Below are records with pictures; copy word for word only the lines between the line with "Owpkeenthy Wired Cute" and the line with "Elevate your wardrobe", inclusive, and drop the pictures.

▸ WORKING DATA:
○ ○ ○ ○ ○ ○ ○

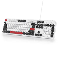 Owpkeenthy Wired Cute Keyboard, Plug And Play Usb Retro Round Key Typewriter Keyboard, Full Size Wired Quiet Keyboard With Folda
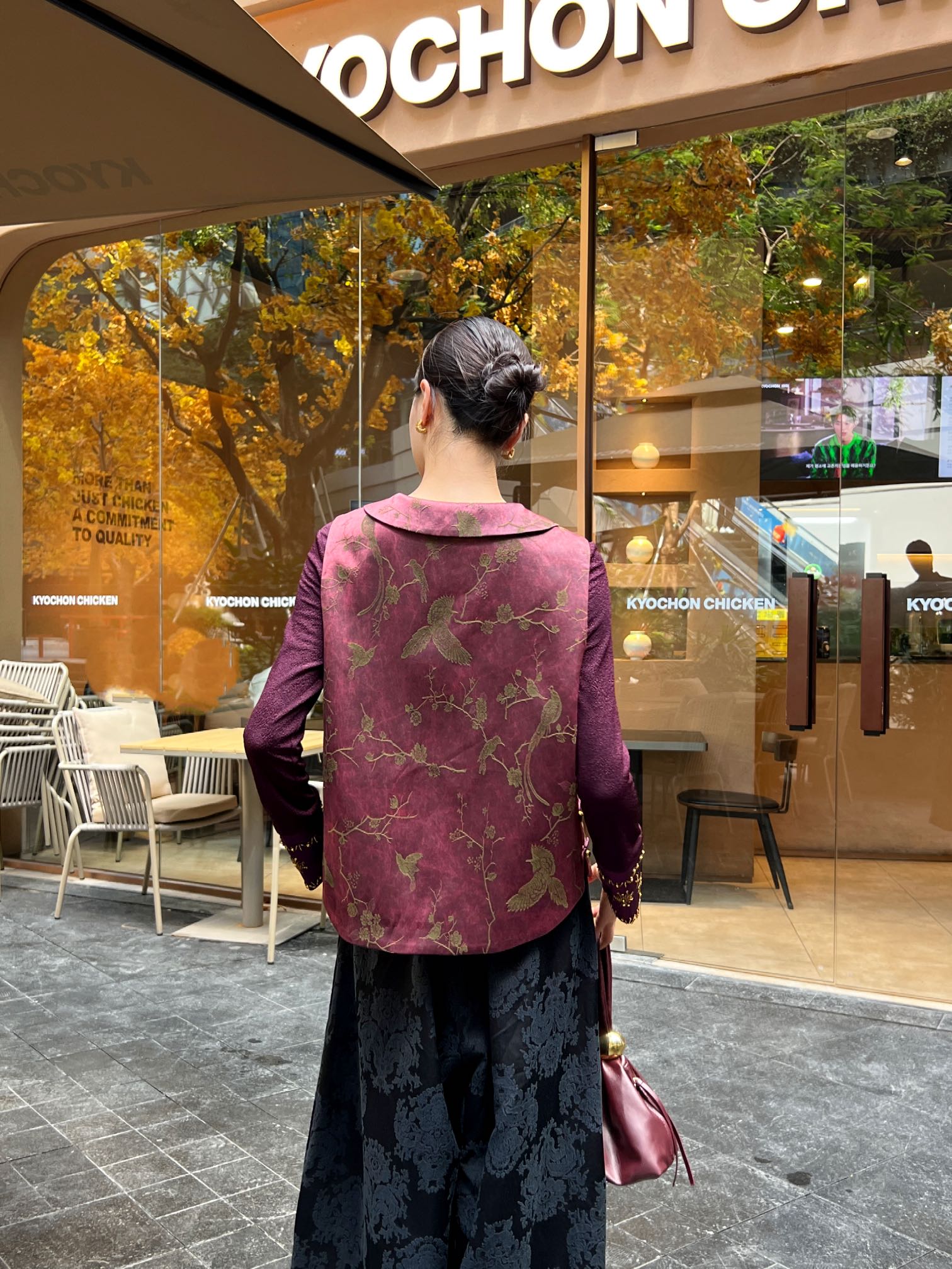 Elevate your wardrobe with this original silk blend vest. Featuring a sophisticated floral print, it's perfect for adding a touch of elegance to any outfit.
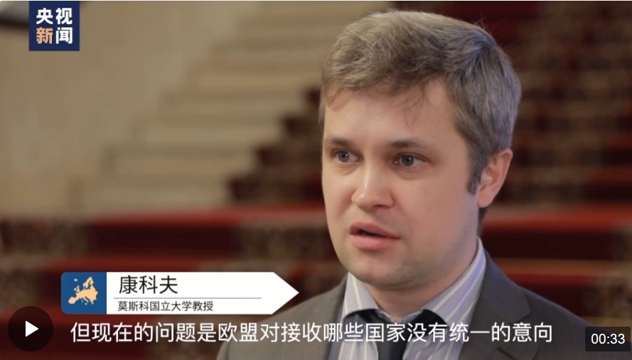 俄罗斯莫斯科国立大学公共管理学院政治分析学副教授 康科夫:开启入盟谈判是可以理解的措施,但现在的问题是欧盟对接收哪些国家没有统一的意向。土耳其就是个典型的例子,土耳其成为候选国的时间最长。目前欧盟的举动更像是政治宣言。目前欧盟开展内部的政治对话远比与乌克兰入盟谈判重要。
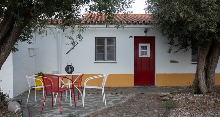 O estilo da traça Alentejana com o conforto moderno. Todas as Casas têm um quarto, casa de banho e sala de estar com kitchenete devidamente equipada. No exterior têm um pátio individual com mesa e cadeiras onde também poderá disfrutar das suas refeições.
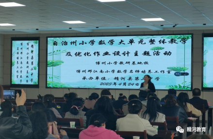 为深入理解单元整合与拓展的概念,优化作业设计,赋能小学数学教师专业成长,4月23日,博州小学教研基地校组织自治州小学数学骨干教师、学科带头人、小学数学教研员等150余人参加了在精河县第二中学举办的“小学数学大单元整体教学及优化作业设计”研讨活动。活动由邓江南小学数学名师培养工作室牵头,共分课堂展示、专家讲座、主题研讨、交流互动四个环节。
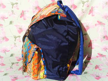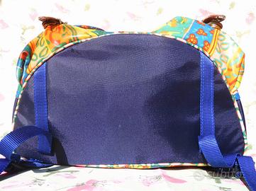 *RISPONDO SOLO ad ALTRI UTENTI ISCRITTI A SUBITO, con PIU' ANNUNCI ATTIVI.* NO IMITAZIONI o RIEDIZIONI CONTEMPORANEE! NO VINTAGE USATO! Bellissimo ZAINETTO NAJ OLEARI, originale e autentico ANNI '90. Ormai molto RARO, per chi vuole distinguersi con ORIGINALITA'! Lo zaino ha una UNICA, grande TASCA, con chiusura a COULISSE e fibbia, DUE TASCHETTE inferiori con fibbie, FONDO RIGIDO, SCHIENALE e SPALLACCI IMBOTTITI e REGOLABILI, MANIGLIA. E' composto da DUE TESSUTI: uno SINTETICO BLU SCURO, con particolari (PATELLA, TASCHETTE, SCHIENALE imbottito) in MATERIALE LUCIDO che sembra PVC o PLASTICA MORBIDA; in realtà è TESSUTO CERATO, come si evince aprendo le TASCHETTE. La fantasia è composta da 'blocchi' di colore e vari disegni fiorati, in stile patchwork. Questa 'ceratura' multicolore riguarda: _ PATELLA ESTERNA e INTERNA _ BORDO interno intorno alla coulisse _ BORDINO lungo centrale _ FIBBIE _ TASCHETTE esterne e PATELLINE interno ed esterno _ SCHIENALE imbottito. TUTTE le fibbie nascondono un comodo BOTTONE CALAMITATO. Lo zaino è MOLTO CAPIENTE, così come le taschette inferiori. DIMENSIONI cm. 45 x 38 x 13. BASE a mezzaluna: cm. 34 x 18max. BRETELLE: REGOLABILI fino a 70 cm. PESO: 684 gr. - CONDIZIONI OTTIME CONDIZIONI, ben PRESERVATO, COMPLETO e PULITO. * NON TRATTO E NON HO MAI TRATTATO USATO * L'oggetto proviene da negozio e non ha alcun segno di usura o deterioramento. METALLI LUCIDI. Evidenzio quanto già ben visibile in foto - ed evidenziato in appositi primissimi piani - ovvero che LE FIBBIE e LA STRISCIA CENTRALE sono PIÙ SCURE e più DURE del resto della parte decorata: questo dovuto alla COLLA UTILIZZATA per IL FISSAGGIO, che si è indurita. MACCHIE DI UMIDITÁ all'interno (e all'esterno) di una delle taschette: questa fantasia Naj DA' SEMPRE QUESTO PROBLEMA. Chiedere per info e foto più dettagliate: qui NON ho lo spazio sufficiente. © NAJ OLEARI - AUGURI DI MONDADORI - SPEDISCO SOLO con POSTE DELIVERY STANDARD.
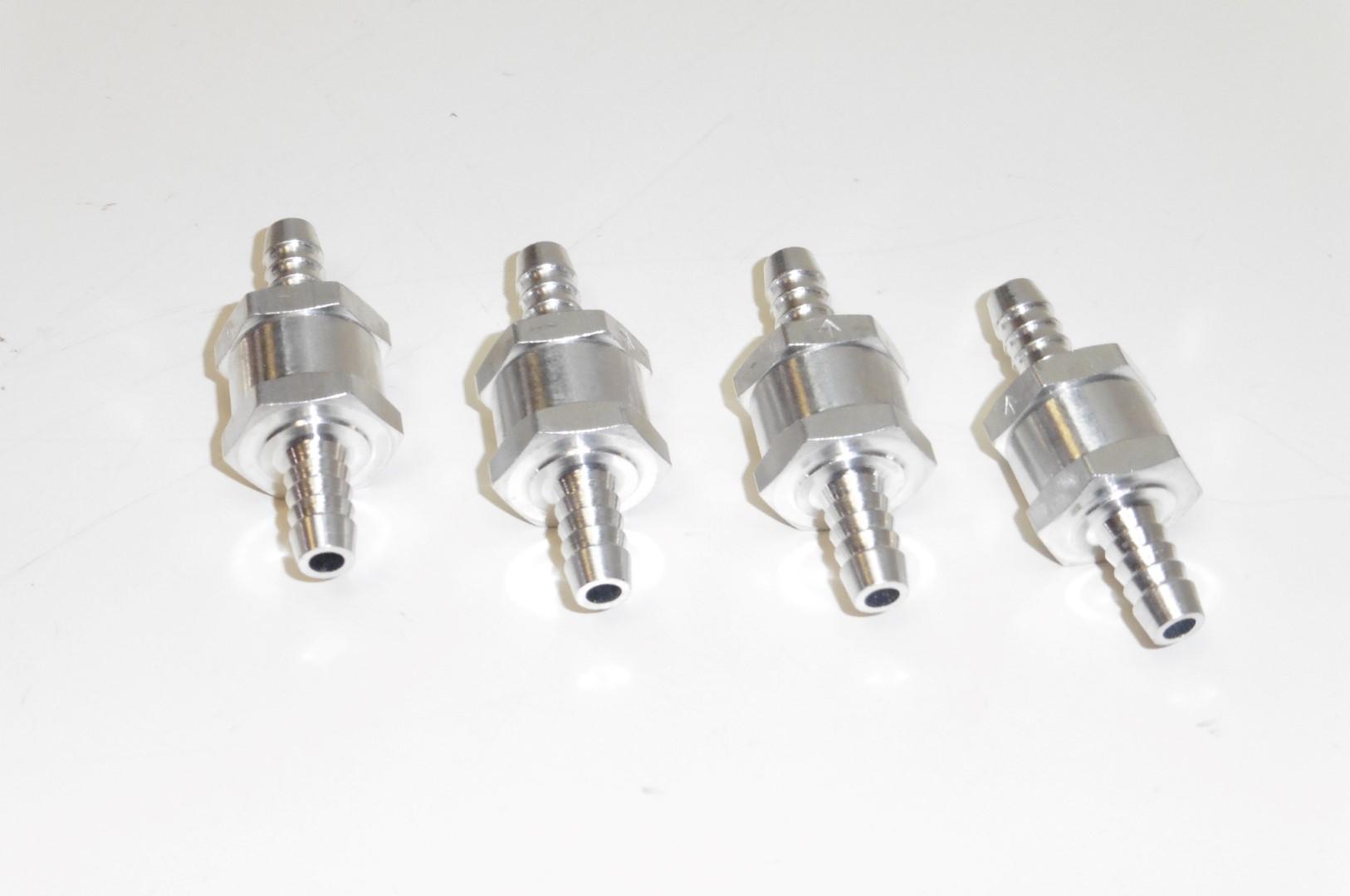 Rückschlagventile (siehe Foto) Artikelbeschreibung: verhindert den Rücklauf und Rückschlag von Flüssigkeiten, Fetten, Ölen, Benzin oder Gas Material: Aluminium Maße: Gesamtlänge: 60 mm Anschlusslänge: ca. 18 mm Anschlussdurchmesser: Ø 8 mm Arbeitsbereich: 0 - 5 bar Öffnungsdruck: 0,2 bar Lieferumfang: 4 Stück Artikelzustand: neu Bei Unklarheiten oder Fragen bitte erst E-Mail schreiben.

○ ○ ○ ○ ○ ○ ○

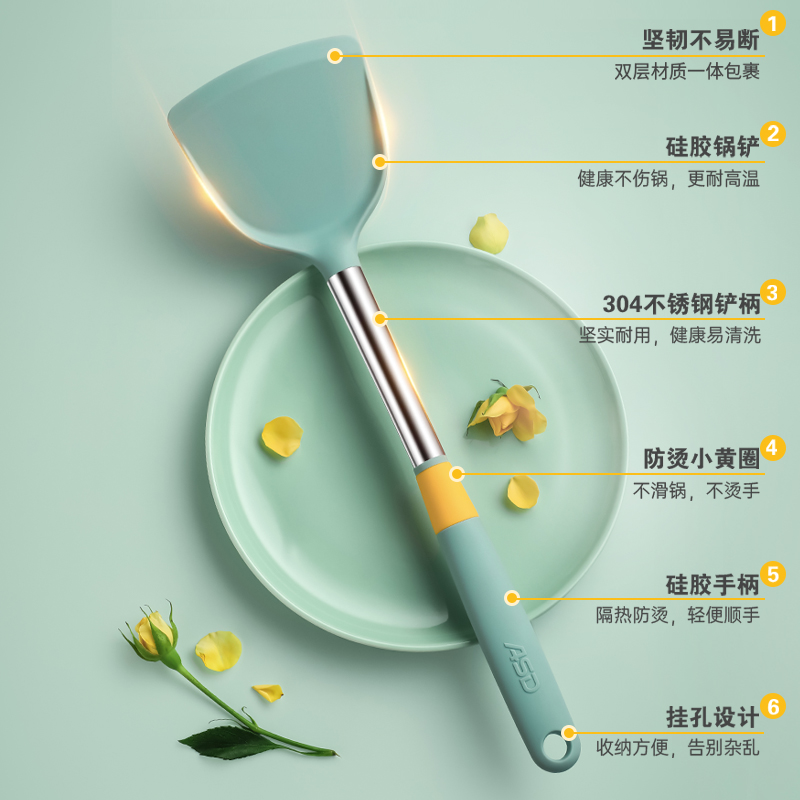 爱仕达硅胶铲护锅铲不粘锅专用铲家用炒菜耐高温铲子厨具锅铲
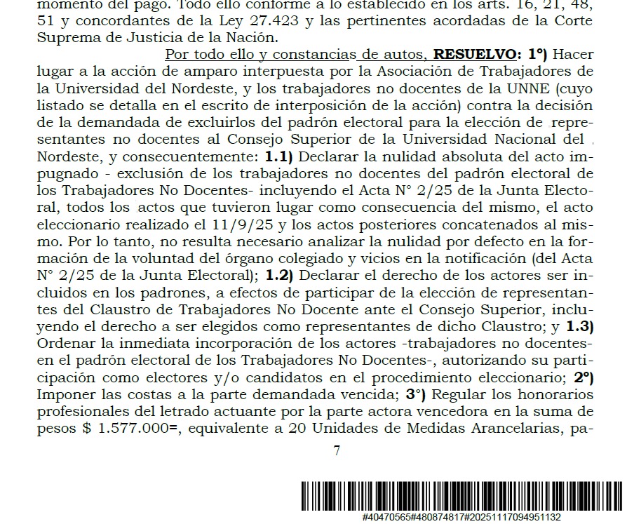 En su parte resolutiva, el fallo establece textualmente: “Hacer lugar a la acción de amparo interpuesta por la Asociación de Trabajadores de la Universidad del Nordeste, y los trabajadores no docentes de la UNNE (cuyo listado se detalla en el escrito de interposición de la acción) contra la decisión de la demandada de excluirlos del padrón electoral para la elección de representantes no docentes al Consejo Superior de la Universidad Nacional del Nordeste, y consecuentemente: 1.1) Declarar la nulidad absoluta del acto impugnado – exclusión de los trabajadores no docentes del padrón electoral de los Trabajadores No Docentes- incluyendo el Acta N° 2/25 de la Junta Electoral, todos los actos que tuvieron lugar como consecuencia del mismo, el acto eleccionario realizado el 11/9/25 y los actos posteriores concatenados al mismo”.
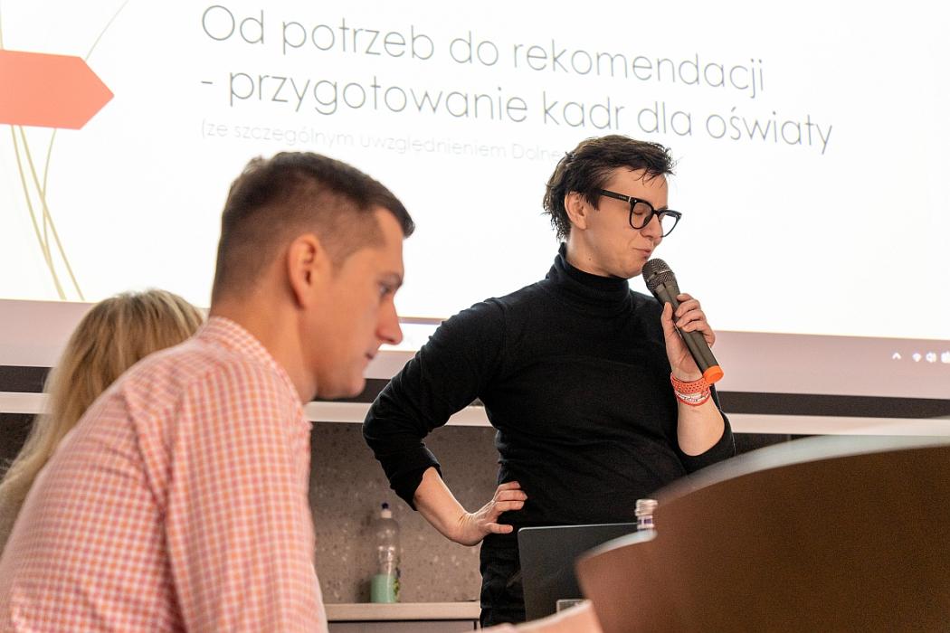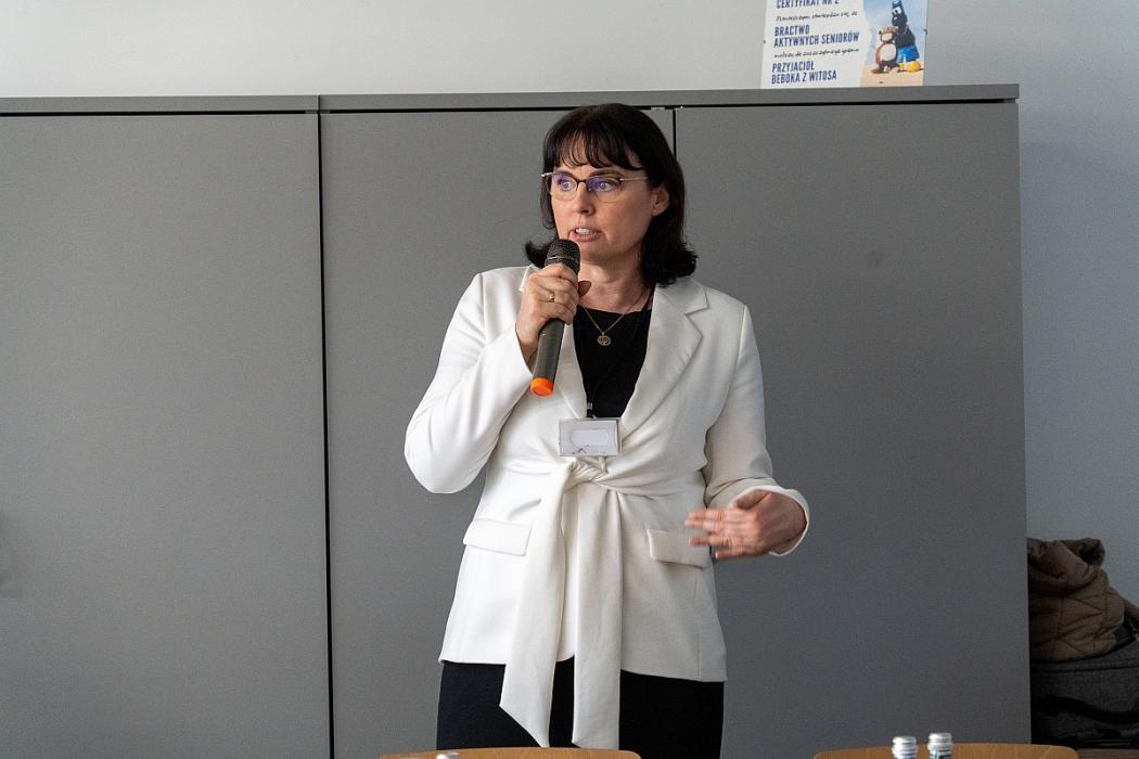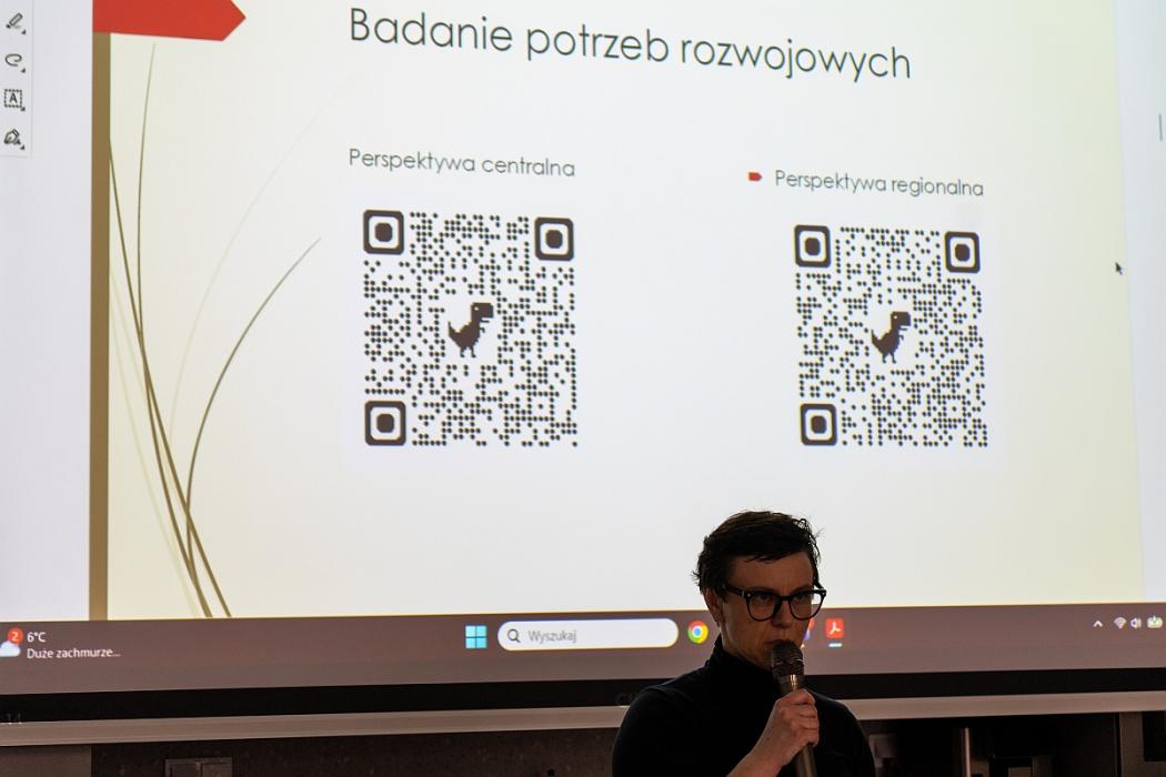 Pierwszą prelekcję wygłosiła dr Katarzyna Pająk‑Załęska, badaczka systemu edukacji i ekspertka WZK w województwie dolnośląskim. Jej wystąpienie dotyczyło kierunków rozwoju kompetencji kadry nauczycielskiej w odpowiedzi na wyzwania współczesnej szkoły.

○ ○ ○ ○ ○ ○ ○

▸ WRITTEN ANSWER:
 Owpkeenthy Wired Cute Keyboard, Plug And Play Usb Retro Round Key Typewriter Keyboard, Full Size Wired Quiet Keyboard With Folda
 Elevate your wardrobe with this original silk blend vest. Featuring a sophisticated floral print, it's perfect for adding a touch of elegance to any outfit.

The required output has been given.